The report marks a significant shift in the OECD’s focus of concern, which in recent years has been centered on the euro zone’s attempts to tackle its fiscal and banking crises.
This morning, two of the world’s most famous females met.
Malala Yousafzais the 16-year-old Pakistani schoolgirl shot by the Taliban for encouraging girls to attend school. She now lives in Britain where she received life- saving surgery after being shot in the head. Today, she met the British monarch, Queen Elizabeth at Buckingham Palace.
Women have been in the news a lot this week.
After the temporary resolution of the debt crisis in Washington, news channels pointed out that the resolution owed a great deal to conciliatory efforts by women in Washington.
Janet Yellen was nominated by the president October 9th, as the new chairman of the Federal Reserve. If approved, she will be the first woman ever appointed to the post.
There is, of course, increased talk of Hilary Clinton running for president in 2016.
Meanwhile, Germany’s Angela Merkel has won another term as Chancellor of Germany. Since the 2008 financial crisis, she has led Germany to the top position in Europe. As one British paper pointed out recently she has achieved in five years what the Kaiser and Hitler failed to do – raise her nation to a position of dominance in Europe.
What is interesting about the above is that I’ve heard each of the above adult ladies at different times described as “the most powerful woman in the world.” That was a label often given Mrs. Clinton when she was Secretary of State.
Now, they can’t all be the most powerful woman in the world.
So, who is?
Queen Elizabeth is the Head of State of 16 different countries and Head of the 53-nation Commonwealth, an organization of mostly former British colonies. In 2002, on the 50th anniversary of becoming queen, an American writer observed that she had done more than any other person in the world to advance democracy. This was written at a time when the US and allies had invaded Afghanistan and were about to invade Iraq, partly to spread democracy to these countries. The article pointed out that the queen did a great deal behind the scenes to ensure all Commonwealth countries stuck to democracy and she did it without firing a shot.
However, this does not mean she is the world’s most powerful woman.
What about Janet Yellen? Is she going to be number one?
Certainly, as Chairman of the Federal Reserve, she will be very powerful. But will she be more powerful than Christine Lagarde, the head of the International Monetary Fund, another woman I seem to remember hailed as “the most powerful woman in the world?”
Presumably, if Hilary Clinton does become president after the 2016 election, she will be the most powerful? Maybe. But that will depend on US standing at that time. A report in USA Today this morning says that the US could not even handle one war right now due to military cut-backs. If the growing perception that the US is well past its “sell-by” date gathers more steam, then the international power of the presidency will also be diminished.
Which leaves Frau Merkel, the head of the German government. As Germany is now the fourth greatest economic power (after the US, China and Japan), she is very powerful. But when we consider that Germany is at the helm of the European Union, the world’s greatest single market, she is even more powerful. She has also been instrumental in resolving (some would say dictating) the financial crisis of a number of European countries, putting her ahead of both the Director of the IMF and the Chairman of the Federal Reserve.
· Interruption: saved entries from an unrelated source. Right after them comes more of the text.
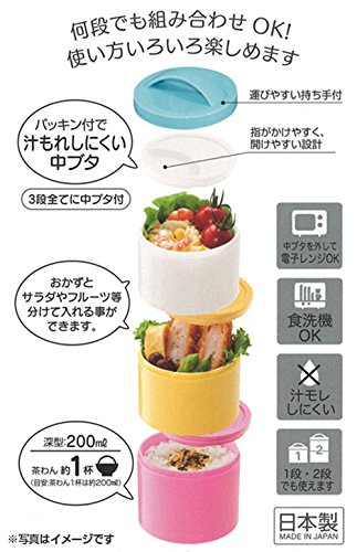 - Feature : Bottle type lunch box. / Capacity:upper container (140ml), Middle container (140ml), Bottom container (200ml) / Microwave is avairable. (Please uncap the lid), Dishwasher is available. / Less leakage designed lid with packing. / Size:/φ80 x 180mm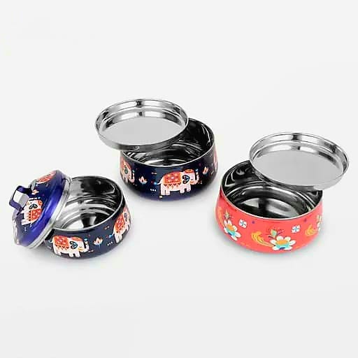 Designed in traditional Indian dabba style, it features three stackable compartments for organized meals and a total capacity of 1260 ml. This eco-friendly bento lunch box is perfect for adults and kids, whether at work, school, or picnics. Durable, reusable, and artistically crafted—say goodbye to plastic and enjoy meals in style.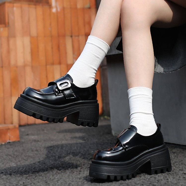 女性のための小さな革靴 2025 秋の新厚底本革英国スタイルラウンドトゥシングルシューズ金属バックルソフトソールローファー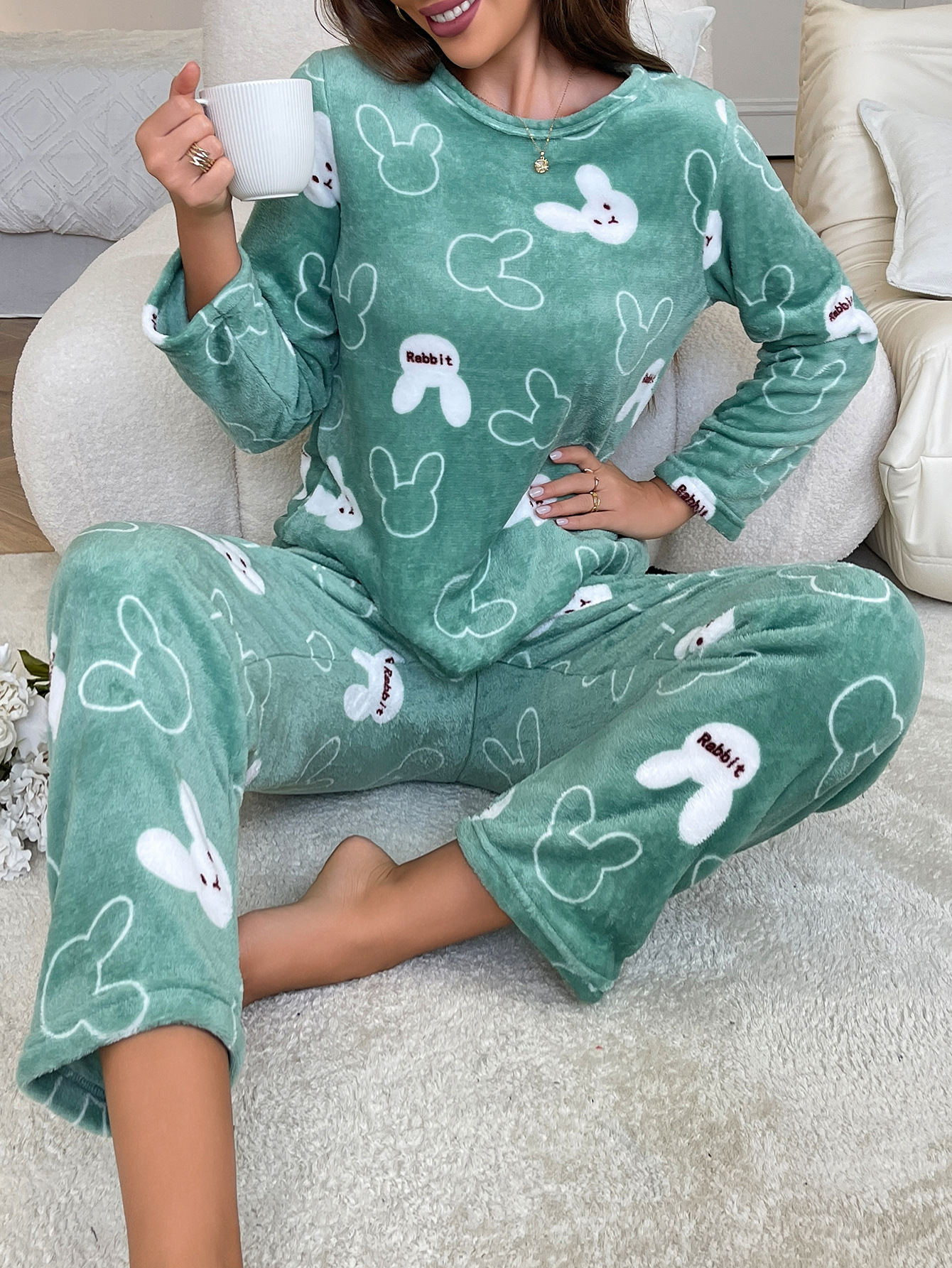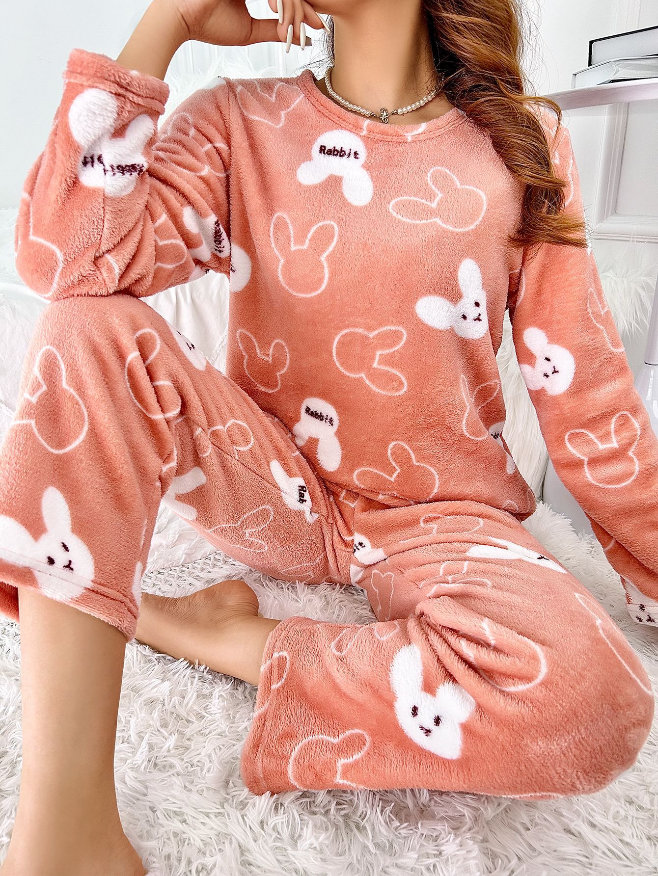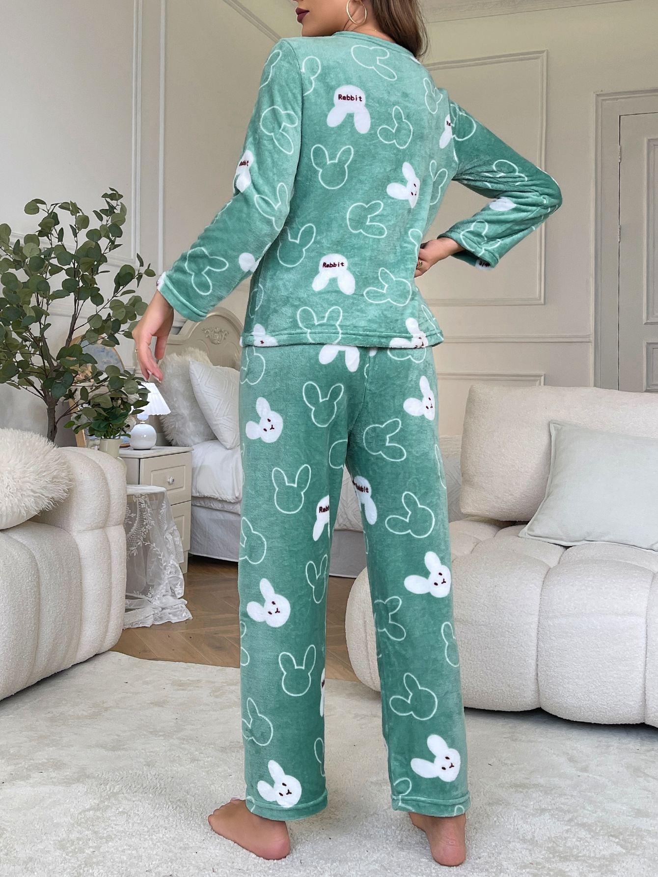 Flannel Cartoon Rabbit-Print Long-Sleeve Pajama Set With Long Pants

I for one will not get drawn into this debate. I just find it tiresome hearing so many powerful and accomplished ladies all described as “the most powerful woman in the world.” They clearly can’t all be.
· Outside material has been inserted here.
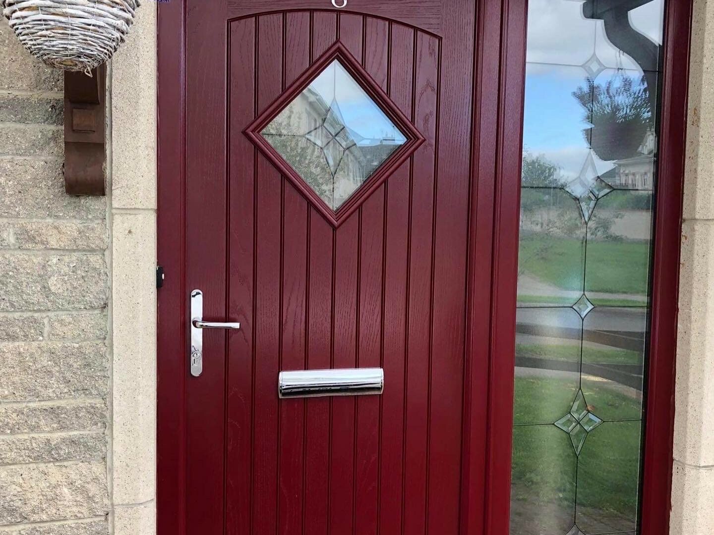 PVC outerframe White, Cream, Red, Blue, Green, Bog Oak, Rosewood and Light Oak & Sidelight colour: available using 28mm triple glazed sidelights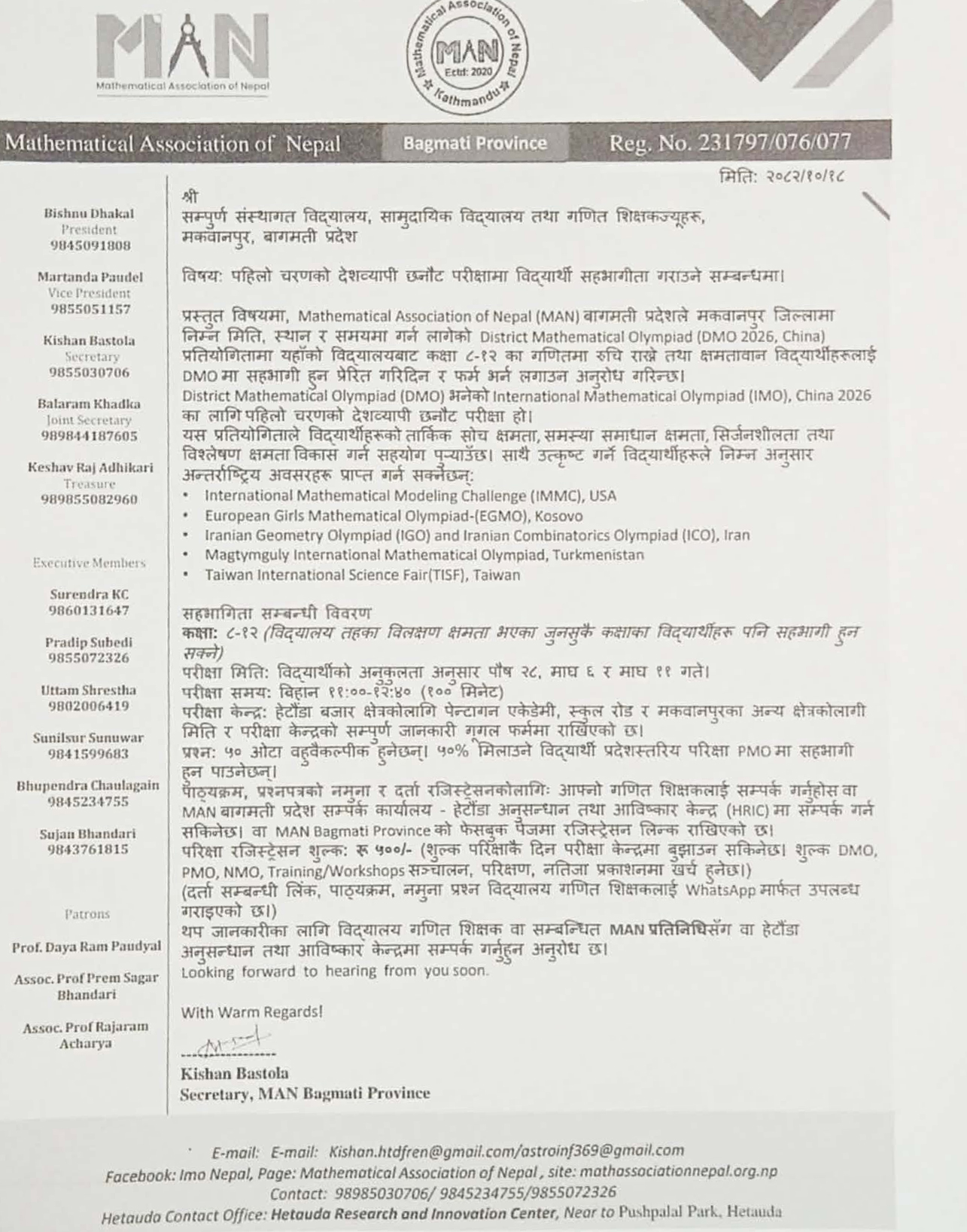 आगामी जुलाई १० देखि २० तारिखसम्म चीनमा हुने ६७ औँ अन्तर्राष्ट्रिय म्याथमेटिकल ओलम्पियाड (आइएमओ) का लागि यो पहिलो चरणको देशव्यापी छनोट परीक्षा हो । जिल्लास्तरको परीक्षामा उत्तीर्ण हुने विद्यार्थीहरू प्रदेश हुँदै राष्ट्रियस्तरको नेपाल म्याथमेटिकल ओलम्पियाडमा सहभागी हुन पाउनेछन् । राष्ट्रिय परीक्षामा उत्कृष्ट ६ भित्र पर्ने विद्यार्थीहरूले चीनमा हुने अन्तर्राष्ट्रिय प्रतियोगितामा नेपालको प्रतिनिधित्व गर्दै सहभागिता जनाउने म्याथमेटिकल एसोसिएसन अफ नेपाल बागमतीका सचिव किशन बास्तोलाले जानकारी दिनुभयो ।

I will say one thing, though. Margaret Thatcher was the best British prime minister in my lifetime and is the only one since Winston Churchill to leave an international legacy.
As David Ben-Gurion once said of Golda Meir – “she is the best man in my cabinet!”
Some of the ladies above have got more guts than the average male leader.
That goes for Malala, too, daily risking her life to encourage other girls her age to go to school.